Use ‘%%’ can divide our script into multiple steps so we can debug conveniently. We first have two files ‘train_idx test_idx’, which record shuffled observations indices. The proportion of train and test is 8:2. Note that when applying csvread function, we set the second arg to 1(exclude 1 row and then read) because we don’t need to read colunm names. Finally we have 4 matrix. Prefix ‘input’ means the matrix of predictors. So ‘output’ means matrix of response(class labels).

Normalize input data

%% normalization of train features
[input,minI,maxI] = premnmx( input_train')  ;

%% normalization of test features
testInput = tramnmx ( input_test' , minI, maxI ) ;

Here we use premnmx function to normalize input_train data.It preprocesses the inputs so that they fall in the interval [-1,1]. minI contains minimums for each observation. maxI contains maximums. Then we use the same scale of input to normalize input_test by applying function tramnmx and get testInput.

Predict and calculate F1 score

In this section, we will test neural network with 3 different layer configuration. We use log sigmoid function as activate function for each layer. And gradient descent as training method for the whole network. We will use pure linear function as function to generate output results.

Hidden layers and nodes : [8]

%% predict
Y = my_network(input,output_train,testInput,[8 3],{ 'logsig' 'purelin' }, 'traingdx');
[s1 , s2] = size( Y ) ;

Prediction = zeros(s2,1);
for i = 1 : s2
    [m , Index] = max( Y( : ,  i ) ) ;
    Prediction(i) = Index;
end

True_label = output_test;

%% caculate F1 score 

% calculate confusion matrix of 3 classes
F1_mat = zeros(3,1);

% calculate F1 score for each class
for i = 1 : 3
   F1_mat(i) = Cal_F1(i,s2,Prediction,True_label) ;
end


F1_1 = mean(F1_mat)

First we call the pre-defined function my_network to generate predicted matrix Y. Y is a 3X103 matrix, where 3 is the number of classes and 103 is the number of obs in test data. Each entry in Y is float number, and the max number of each column indicates the predicted class of this observation. For example: if the first column is

obs1
1.1
-0.4
0.6

Then obs1 in test data is predicted to be in class 1. So we use a for-loop to mark the predicted label of each one and generate a 1X103 vector Prediction.
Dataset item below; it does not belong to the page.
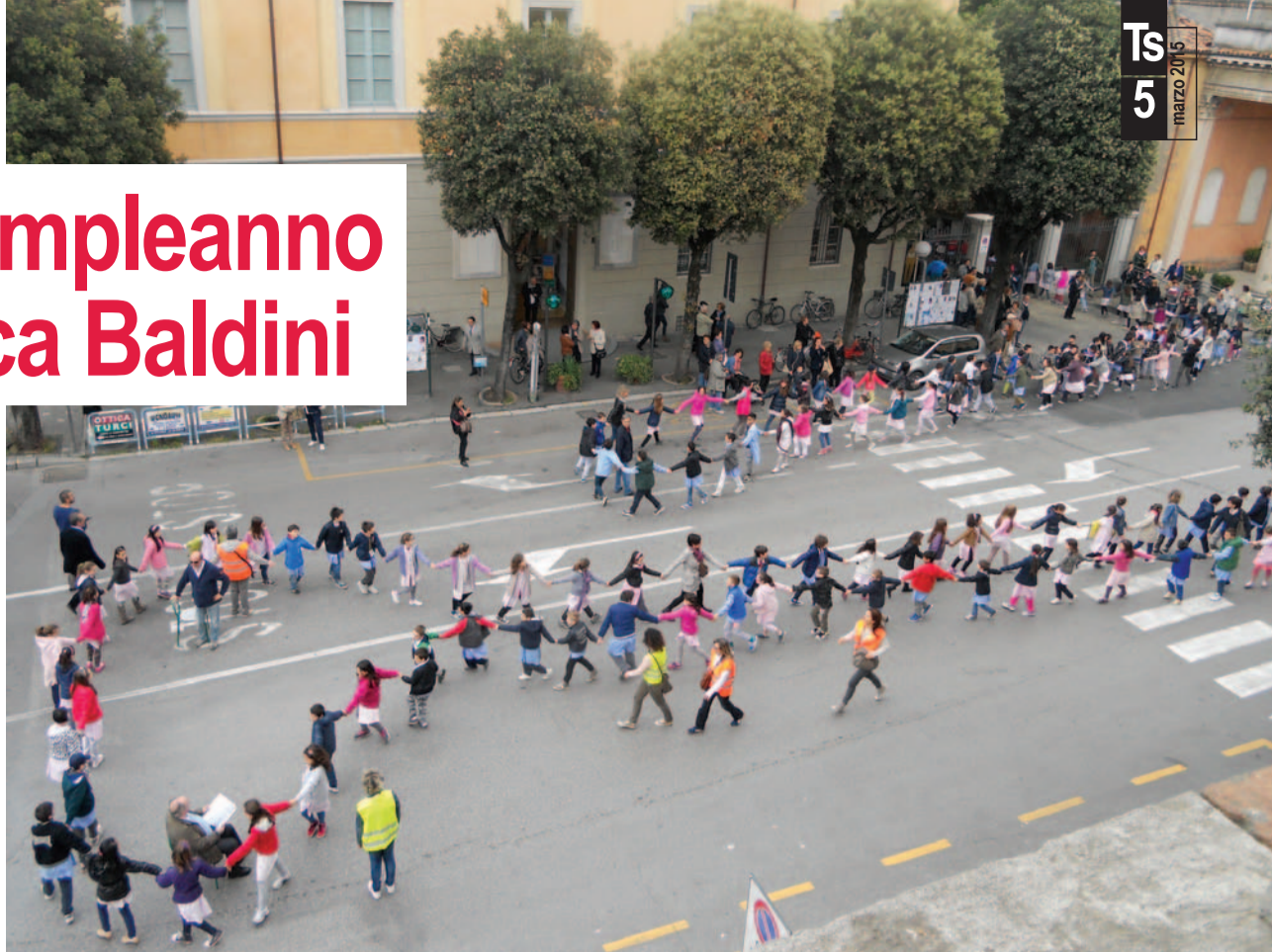
23 aprile 2014, la nuova Baldini inaugurata dalla catena umana formata dai bambini delle scuole

Giovedì 23 aprile, giorno del compleanno, si festeggerà con lo spettacolo teatrale "Il diario segreto di Pollicino" a cura della Compagnia Angelini-Serrani/Teatro Patalò, riservato ai più piccoli (inizio ore 17), mentre alle 21 Silvio Castiglioni interpreta e legge "Casa d'altri" dal racconto di Silvio D'Arzo e "La lucina", dal libro di Antonio Moresco. Al termine si festeggia con la classica torta di compleanno e un brindisi benaugurale.

At last we calculate the F1 scores from class 1 to 3 and take average of those scores, which gives us the macro-F1 score of this model: 0.8177

Hidden layers and nodes : [5 3]

%% predict
Y_2 = my_network(input,output_train,testInput,[5 3 3],{ 'logsig' 'logsig' 'purelin' }, 'traingdx');
[s1 , s2] = size( Y_2 ) ;

Prediction = zeros(s2,1);
for i = 1 : s2
    [m , Index] = max( Y_2( : ,  i ) ) ;
    Prediction(i) = Index;
end

True_label = output_test;

%% caculate F1 score 

% calculate confusion matrix of 3 classes
F1_mat = zeros(3,1);

% calculate F1 score for each class
for i = 1 : 3
   F1_mat(i) = Cal_F1(i,s2,Prediction,True_label) ;
end


F1_2 = mean(F1_mat)

This time we try neural network with 2 hidden layers, 5 nodes in the first one and 3 in the second. The macro-F1 score of this model: 0.7883

Hidden layers and nodes : [5 3]

%% predict
Y_3 = my_network(input,output_train,testInput,[13 13 13 3],{ 'logsig' 'logsig' 'logsig' 'purelin' }, 'traingdx');
[s1 , s2] = size( Y_3 ) ;

Prediction = zeros(s2,1);
for i = 1 : s2
    [m , Index] = max( Y_3( : ,  i ) ) ;
    Prediction(i) = Index;
end

True_label = output_test;

%% caculate F1 score 

% calculate confusion matrix of 3 classes
F1_mat = zeros(3,1);

% calculate F1 score for each class
for i = 1 : 3
   F1_mat(i) = Cal_F1(i,s2,Prediction,True_label) ;
end


F1_3 = mean(F1_mat)

At last we try neural network with 3 hidden layers, 13 nodes in each one. The macro-F1 score of this model: 0.8436

Result of different layer-configuration

Item	network1	network2	network3
number of hidden layers	1	2	3
nodes of each layer	[8]	[5 3]	[13 13 13]
Macro-F1 score	0.8177	0.7883	0.8436